Стивен Пинкер — известный американский психолингвист, написавший среди прочего несколько популярных книг, последователь, пожалуй, самого известного в мире лингвиста Наума Хомского (иначе Ноама Чомски[1]). Если пытаться выделить какую-то одну главную задачу книги, то она как раз состоит в обосновании идеи Хомского о врожденном характере языковой способности человека. Однако содержание книги, естественно, этим обоснованием не ограничивается. В ней тринадцать глав, и по крайней мере пять из них посвящены устройству языка на разных уровнях — фонетике, лексике, грамматике и т. д. В нескольких центральных главах обсуждаются психолингвистические проблемы, а по сути — различные аспекты фундаментальной связи языка и мышления, которую Пинкер ставит под вопрос. Наконец, несколько глав, на мой взгляд, находятся в стороне от основной проблемы. В одной из них речь идет о генетическом родстве языков, в другой дается гневная отповедь языковым пуристам, в третьей (хотя она и ближе к этой проблеме) рассматривается происхождение языка. Такой охват позволяет сказать, что эта книга — о языке вообще, и ее, в частности, можно рекомендовать студентам в качестве пособия по курсу «Введение в языкознание». Единственным «сужающим» фактором можно счесть приверженность автора однойединственной лингвистической теории, что особенно чувствуется в главах об устройстве языка, где он добросовестно излагает идеи Хомского.
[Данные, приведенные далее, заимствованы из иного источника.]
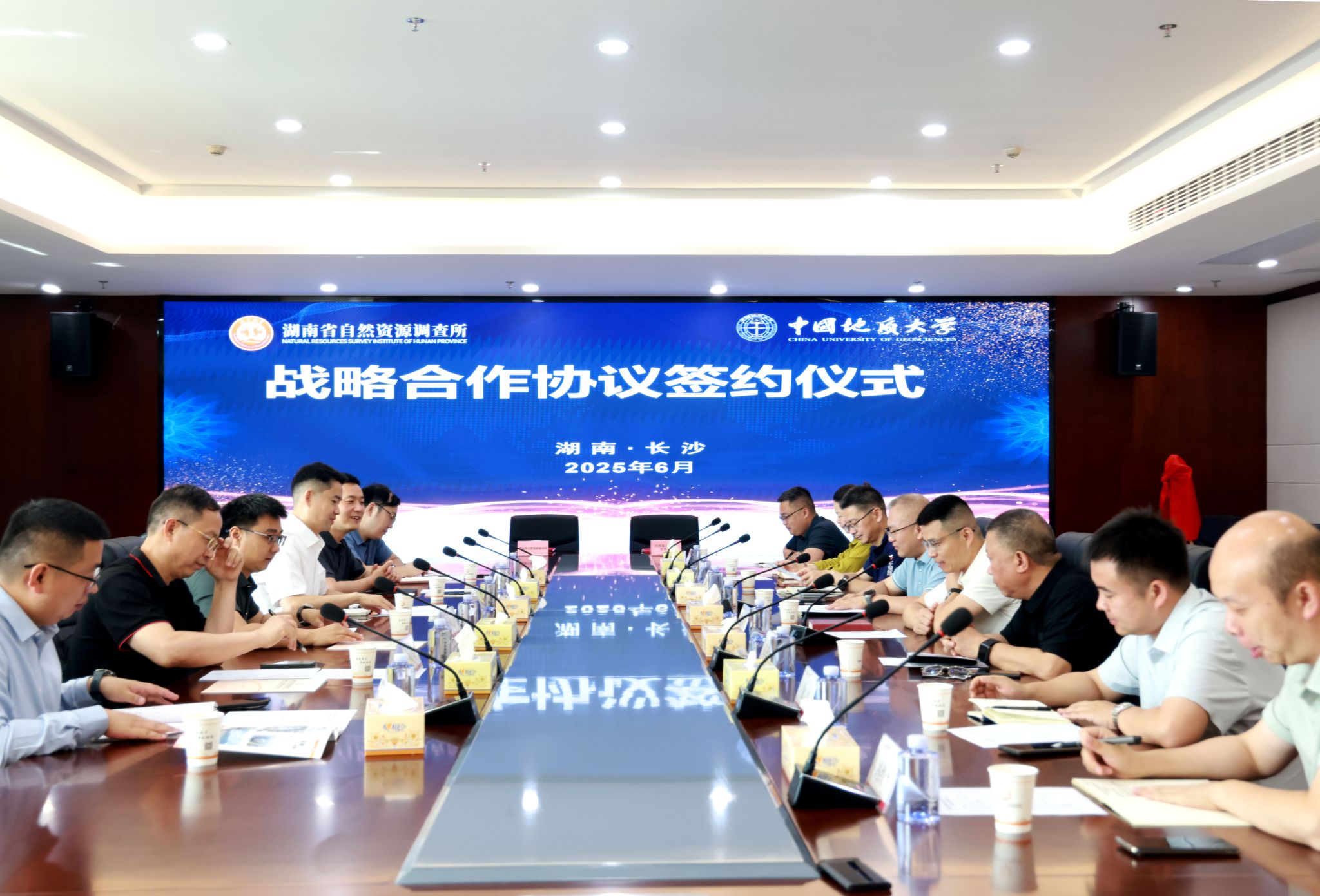 (通讯员 吴超)6月4日,资源公司党委书记汪再奇,副经理李占轲,资源科学与工程系主任孙华山、支部书记付乐兵等一行6人赴湖南省自然资源调查所(以下简称湖南资源所)开展产学研合作交流,签订战略合作协议并举行“地质e站”揭牌仪式。湖南资源所所长蒋安元、党委书记范洋武、副所长苏康明,总工办、办公室、湘北中心、湘南中心等相关部室(单位)负责人参加座谈交流。范洋武主持会议。

Фактически я уже начал рассуждать о возможном круге читателей, или, если говорить современным языком, целевой аудитории этой книги. Она, на мой взгляд, ориенти рована — хотя, может быть, и не сознательно — на разные аудитории. Точнее было бы сказать так (не обсуждая авторские намерения): ее можно рекомендовать разным читательским кругам. Во-первых, тем, кто хочет в упрощенной форме получить знание о лингвистике, а это в первую очередь студенты. Во-вторых, тем, кто хочет обсудить великую загадку мироздания — человеческий язык, и попытаться понять, каким образом мы им овладеваем и его используем. Здесь, мне кажется, уместно говорить о читателях-интеллектуалах, наличие которых собственно и делает книгу мировым научным бестселлером.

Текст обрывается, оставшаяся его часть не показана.